Dataset excerpts:
Content starts
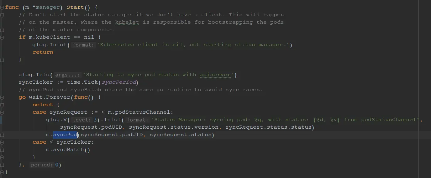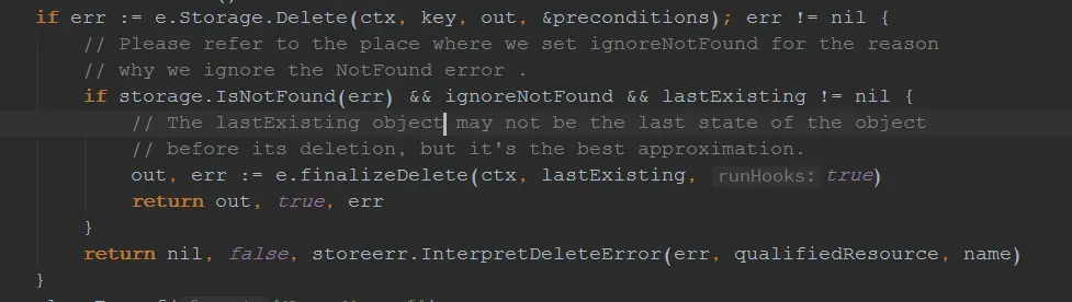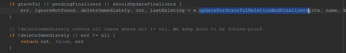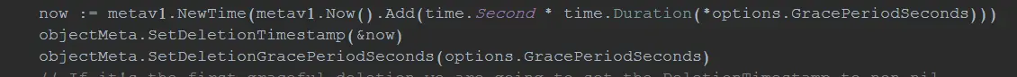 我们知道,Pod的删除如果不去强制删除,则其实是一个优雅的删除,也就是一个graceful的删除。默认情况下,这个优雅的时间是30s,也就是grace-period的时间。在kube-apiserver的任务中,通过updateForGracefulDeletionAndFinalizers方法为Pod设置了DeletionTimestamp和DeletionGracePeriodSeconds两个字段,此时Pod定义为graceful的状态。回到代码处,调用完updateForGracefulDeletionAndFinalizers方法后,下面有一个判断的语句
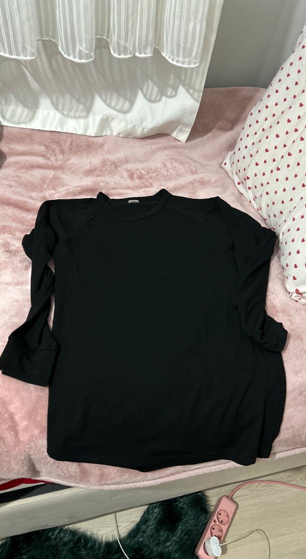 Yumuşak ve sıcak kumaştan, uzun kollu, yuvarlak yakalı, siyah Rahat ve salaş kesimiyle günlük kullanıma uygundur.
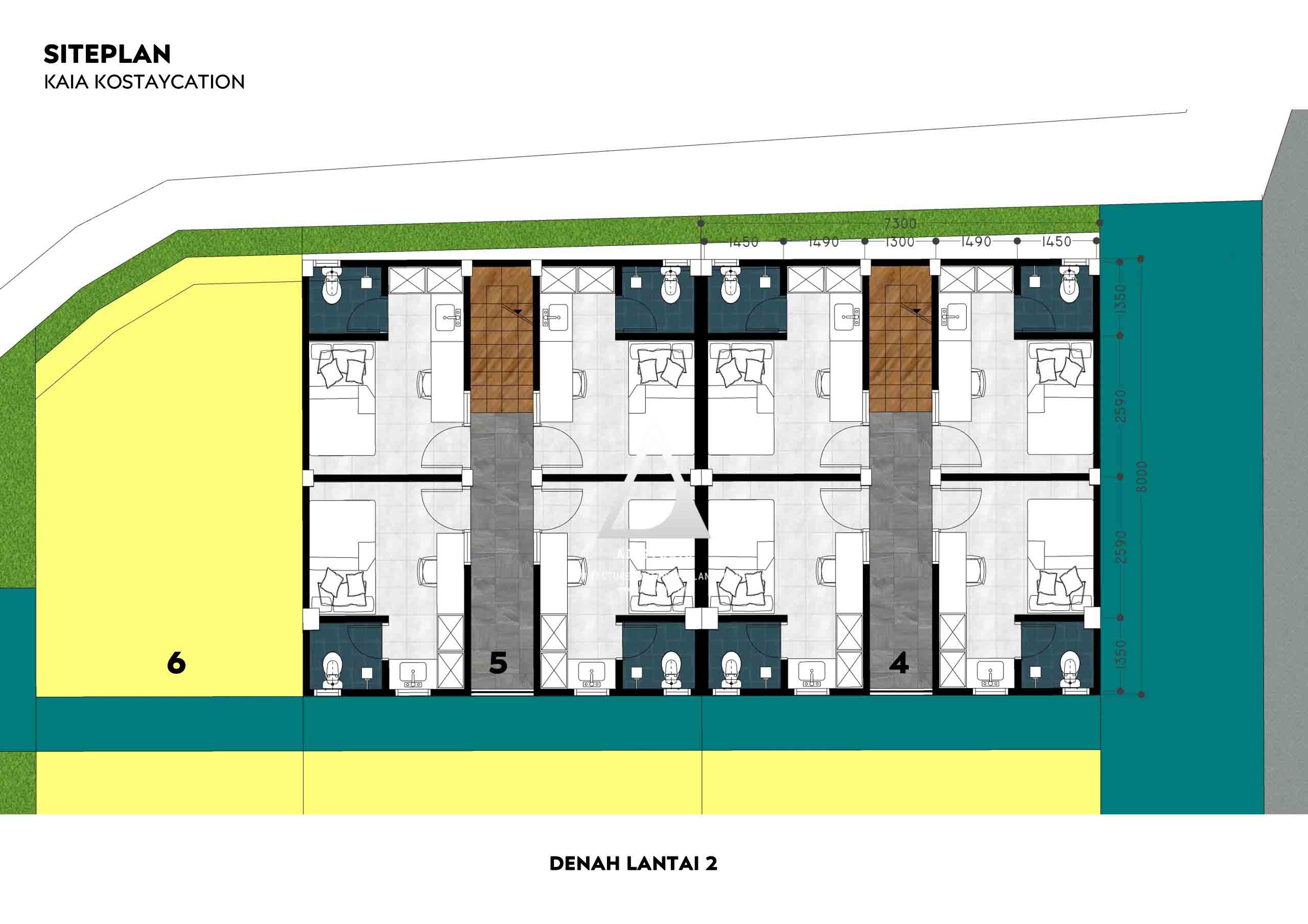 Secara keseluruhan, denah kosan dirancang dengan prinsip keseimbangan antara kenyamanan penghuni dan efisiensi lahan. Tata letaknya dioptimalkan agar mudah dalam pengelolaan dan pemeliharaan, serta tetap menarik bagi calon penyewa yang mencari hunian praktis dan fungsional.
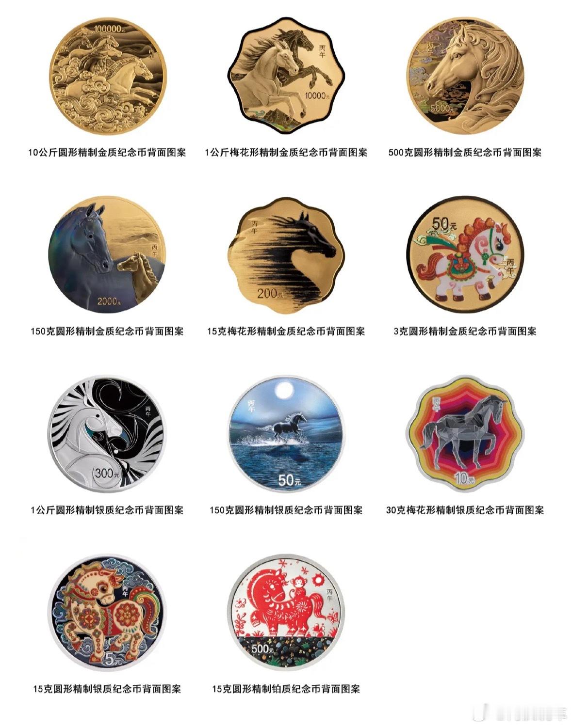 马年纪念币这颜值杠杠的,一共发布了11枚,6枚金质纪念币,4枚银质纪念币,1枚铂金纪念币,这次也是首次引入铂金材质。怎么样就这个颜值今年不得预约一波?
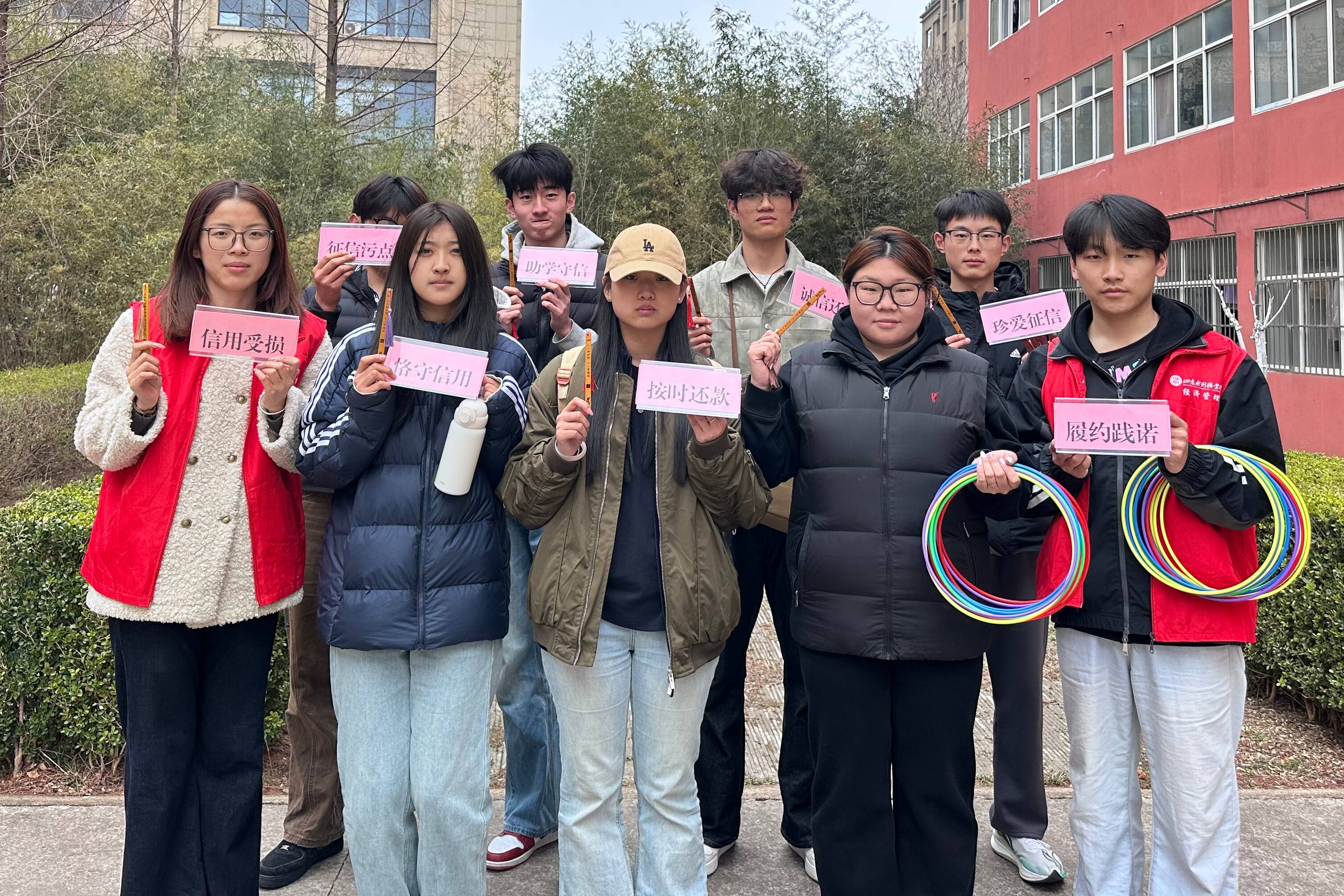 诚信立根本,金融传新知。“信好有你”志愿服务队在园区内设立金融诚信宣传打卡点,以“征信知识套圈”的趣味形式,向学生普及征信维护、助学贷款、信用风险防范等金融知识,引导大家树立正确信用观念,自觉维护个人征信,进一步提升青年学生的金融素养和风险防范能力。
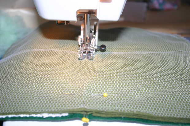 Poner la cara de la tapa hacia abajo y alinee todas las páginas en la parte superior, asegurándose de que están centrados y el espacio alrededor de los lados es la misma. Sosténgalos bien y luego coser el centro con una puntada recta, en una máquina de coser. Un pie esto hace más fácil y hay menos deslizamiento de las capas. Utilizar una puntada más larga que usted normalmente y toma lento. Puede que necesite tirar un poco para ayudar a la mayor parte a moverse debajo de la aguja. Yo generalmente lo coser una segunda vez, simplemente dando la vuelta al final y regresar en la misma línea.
Content ends
Content starts
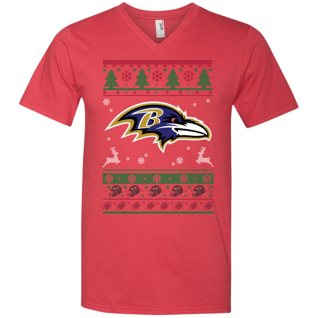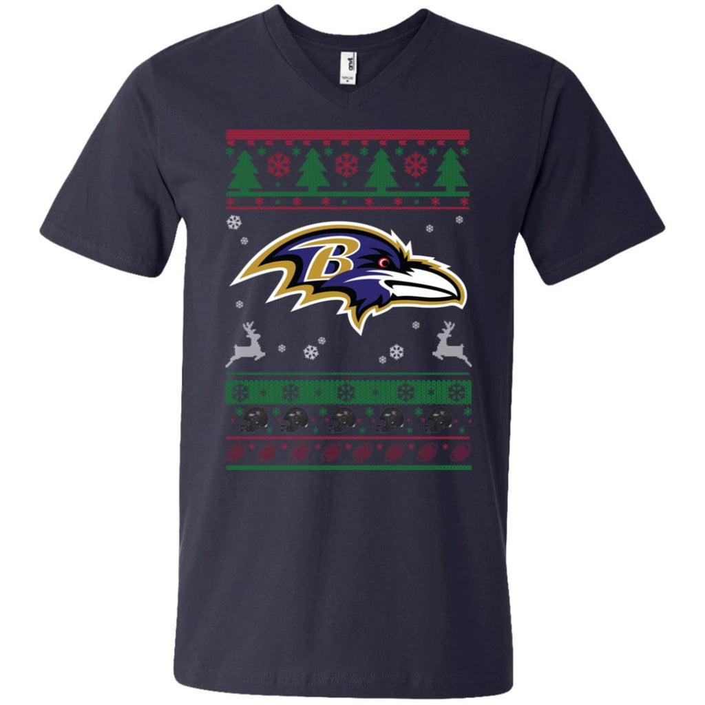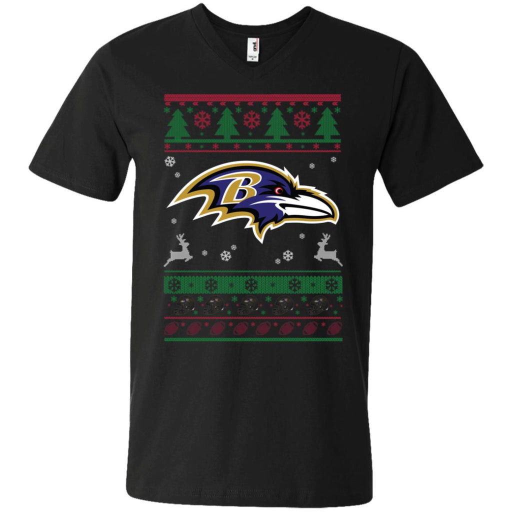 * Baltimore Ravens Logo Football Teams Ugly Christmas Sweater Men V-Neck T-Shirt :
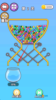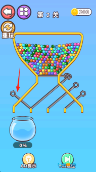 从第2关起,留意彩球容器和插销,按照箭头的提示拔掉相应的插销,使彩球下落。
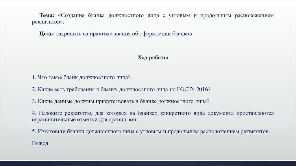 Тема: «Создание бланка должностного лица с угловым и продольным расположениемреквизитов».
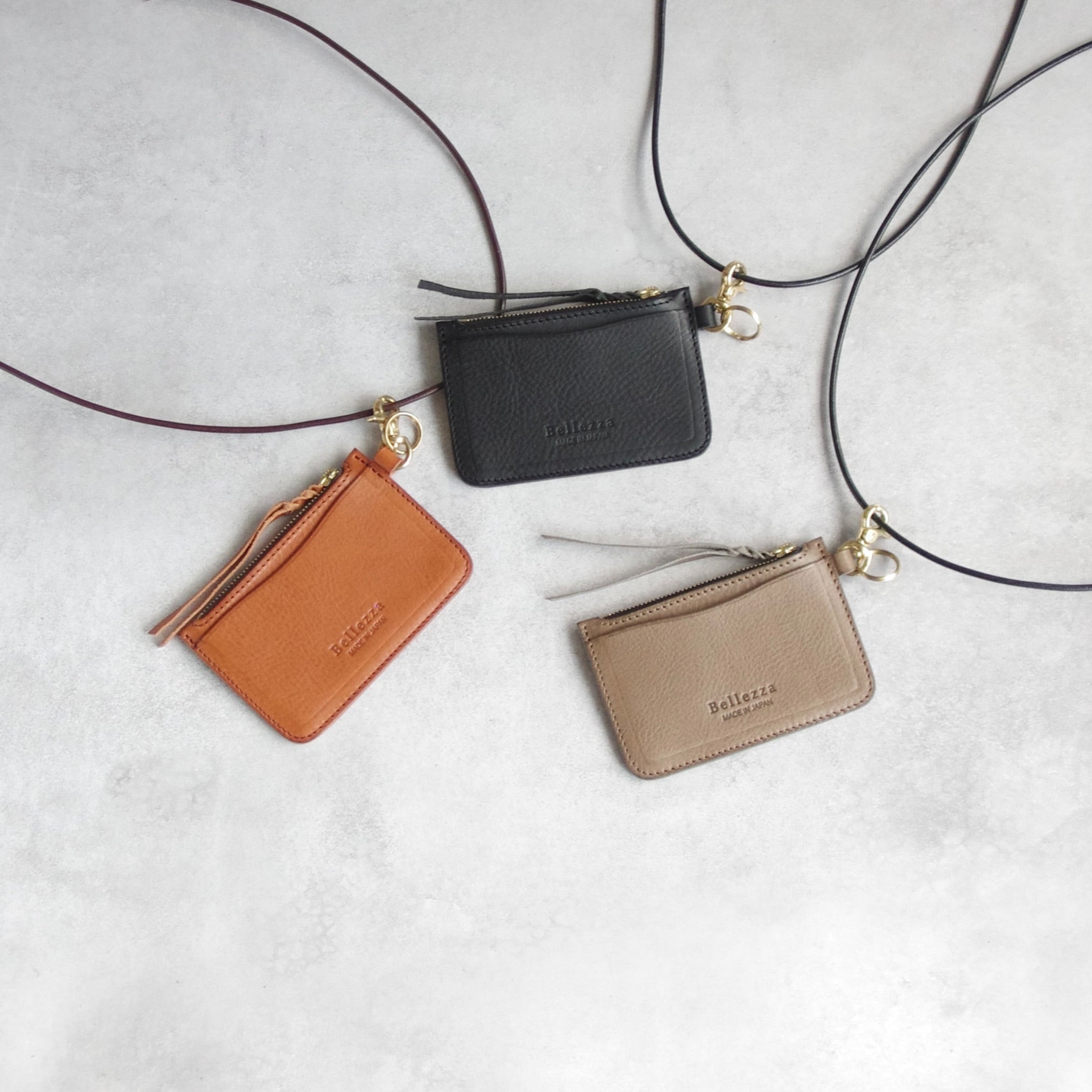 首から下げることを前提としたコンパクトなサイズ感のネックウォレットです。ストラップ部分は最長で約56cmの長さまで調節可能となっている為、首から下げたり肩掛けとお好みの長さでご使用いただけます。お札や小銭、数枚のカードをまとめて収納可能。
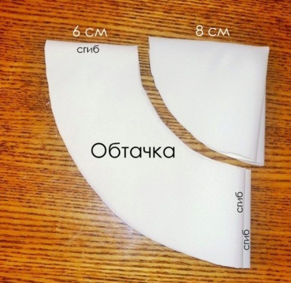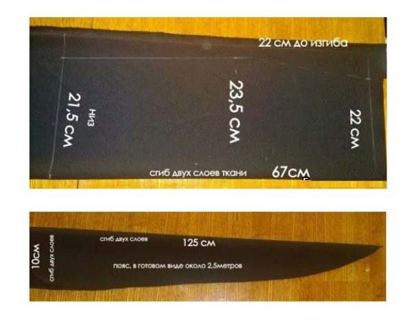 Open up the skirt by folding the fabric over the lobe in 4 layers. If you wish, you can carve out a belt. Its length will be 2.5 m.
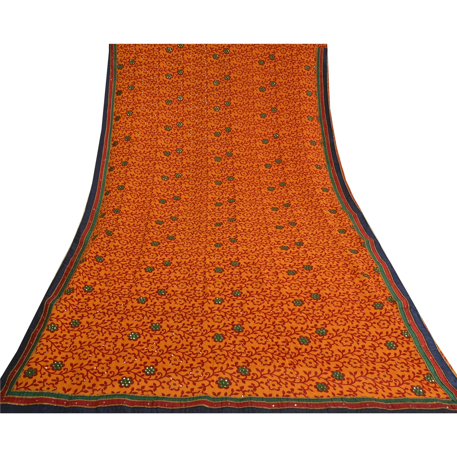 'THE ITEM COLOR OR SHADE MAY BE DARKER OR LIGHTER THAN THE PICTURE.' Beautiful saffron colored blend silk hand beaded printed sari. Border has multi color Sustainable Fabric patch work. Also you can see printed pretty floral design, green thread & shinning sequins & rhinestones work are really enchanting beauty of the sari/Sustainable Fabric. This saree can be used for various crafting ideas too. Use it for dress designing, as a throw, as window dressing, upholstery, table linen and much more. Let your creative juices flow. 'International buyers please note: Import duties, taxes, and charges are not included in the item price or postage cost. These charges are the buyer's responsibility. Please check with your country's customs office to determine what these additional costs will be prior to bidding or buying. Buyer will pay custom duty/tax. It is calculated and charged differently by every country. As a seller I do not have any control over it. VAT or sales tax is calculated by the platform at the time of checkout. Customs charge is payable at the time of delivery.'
Content ends
Content starts
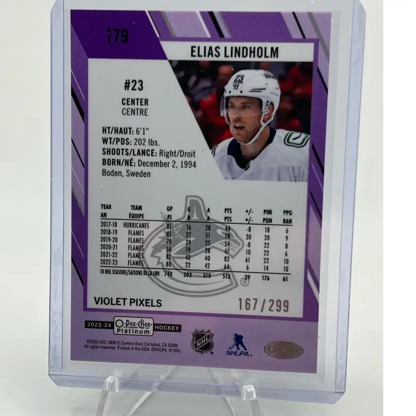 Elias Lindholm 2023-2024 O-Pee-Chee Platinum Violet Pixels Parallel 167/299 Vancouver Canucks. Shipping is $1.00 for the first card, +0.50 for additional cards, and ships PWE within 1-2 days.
Content ends
Exercise details: Leaving out all pictures, set down exactly the lines of the material above, from the line with "我们知道,Pod的删除如果不" to the line with "Secara keseluruhan, denah" inclusive, and no others.

Exercise answer:
 我们知道,Pod的删除如果不去强制删除,则其实是一个优雅的删除,也就是一个graceful的删除。默认情况下,这个优雅的时间是30s,也就是grace-period的时间。在kube-apiserver的任务中,通过updateForGracefulDeletionAndFinalizers方法为Pod设置了DeletionTimestamp和DeletionGracePeriodSeconds两个字段,此时Pod定义为graceful的状态。回到代码处,调用完updateForGracefulDeletionAndFinalizers方法后,下面有一个判断的语句
 Yumuşak ve sıcak kumaştan, uzun kollu, yuvarlak yakalı, siyah Rahat ve salaş kesimiyle günlük kullanıma uygundur.
 Secara keseluruhan, denah kosan dirancang dengan prinsip keseimbangan antara kenyamanan penghuni dan efisiensi lahan. Tata letaknya dioptimalkan agar mudah dalam pengelolaan dan pemeliharaan, serta tetap menarik bagi calon penyewa yang mencari hunian praktis dan fungsional.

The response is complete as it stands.